3. Download and unzip latest versions of
[Stanford Parser](https://nlp.stanford.edu/software/lex-parser.shtml#Download) and 
[Stanford Tregex](https://nlp.stanford.edu/software/tregex.html#Download)

<details>

<summary>
4. Set `STANFORD_PARSER_HOME` and `STANFORD_TREGEX_HOME`
</summary>

+ Windows:

In the Environment Variables window (press `Windows`+`s`, type *env*, and press `Enter`):

```
STANFORD_PARSER_HOME=\path\to\stanford-parser-full-2020-11-17
STANFORD_TREGEX_HOME=\path\to\stanford-tregex-2020-11-17
```

+ Linux/macOS:

```sh
export STANFORD_PARSER_HOME=/path/to/stanford-parser-full-2020-11-17
export STANFORD_TREGEX_HOME=/path/to/stanford-tregex-2020-11-17
```

</details>

## <a name="usage"></a> Usage <small><sup>[Top ▲](#table-of-contents)</sup></small>

The NeoSCA runs via the command `nsca`.

1. Single input:
```sh
nsca sample1.txt 
# output will be saved in result.csv
nsca sample1.txt -o sample1.csv 
# custom output file
```

2. Multiple input:
```sh
nsca sample1.txt sample2.txt
nsca sample*.txt 
# wildcard characters are supported
nsca sample[1-10].txt
```

3. Use `-p/--reserve-parsed` 
to reserve parsed files of Stanford Parser.
Use `-m/--reserve-match` 
to reserve match results of Stanford Tregex.

```sh
nsca sample1.txt -p -m
```

4. Calling `nsca` without any arguments returns the help message.
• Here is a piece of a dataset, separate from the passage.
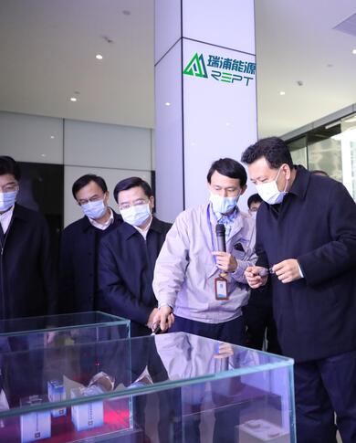 The delegation led by YUAN Jiajun went to the automatic production line of REPT and checked the implementation of epidemic prevention and control as well as the resumption of work and production. CAO Hui introduced the company history, product performance and advantages, sales and application of REPT. During the early period of the COVID-19 pandemic outbreak, the company purchased various protective materials emergently, made all preparations for work resumption as required, and strictly put the epidemic prevention and control measures into practice. With the government’s full support and the company’s effort, employees from other provinces and cities returned with the work resumption rate reaching 75%. Now the recovery rate of the Company’s production line has reached 80%, and will reach 100% at the end of this month. CAO Hui said “The Company is  confident  in making it to the end of the anti-epidemic battle. Under the strong leadership of the municipal and district governments, we are focusing on both anti-epidemic and work resumption, ensuring the worker’s life safety and physical condition, and promoting a sustainable development in  the new energy industry”.

## <a name="citing"></a> Citing <small><sup>[Top ▲](#table-of-contents)</sup></small>

Please use the following citation if you use NeoSCA in your work:

```BibTeX
@misc{tan2022neosca,
author = {Tan, Long},
title = {NeoSCA},
howpublished = {\url{https://github.com/tanloong/neosca}},
year = {2022}
}
```

Also, you need to cite Lu's article describing L2SCA:

```BibTeX
@article{lu2010automatic,
title={Automatic analysis of syntactic complexity in second language writing},
author={Lu, Xiaofei},
journal={International journal of corpus linguistics},
volume={15},
number={4},
pages={474--496},
year={2010},
publisher={John Benjamins}
}
```

## <a name="license"></a> License <small><sup>[Top ▲](#table-of-contents)</sup></small>
The same as L2SCA, NeoSCA is licensed under the GNU General Public License, version 2 or later.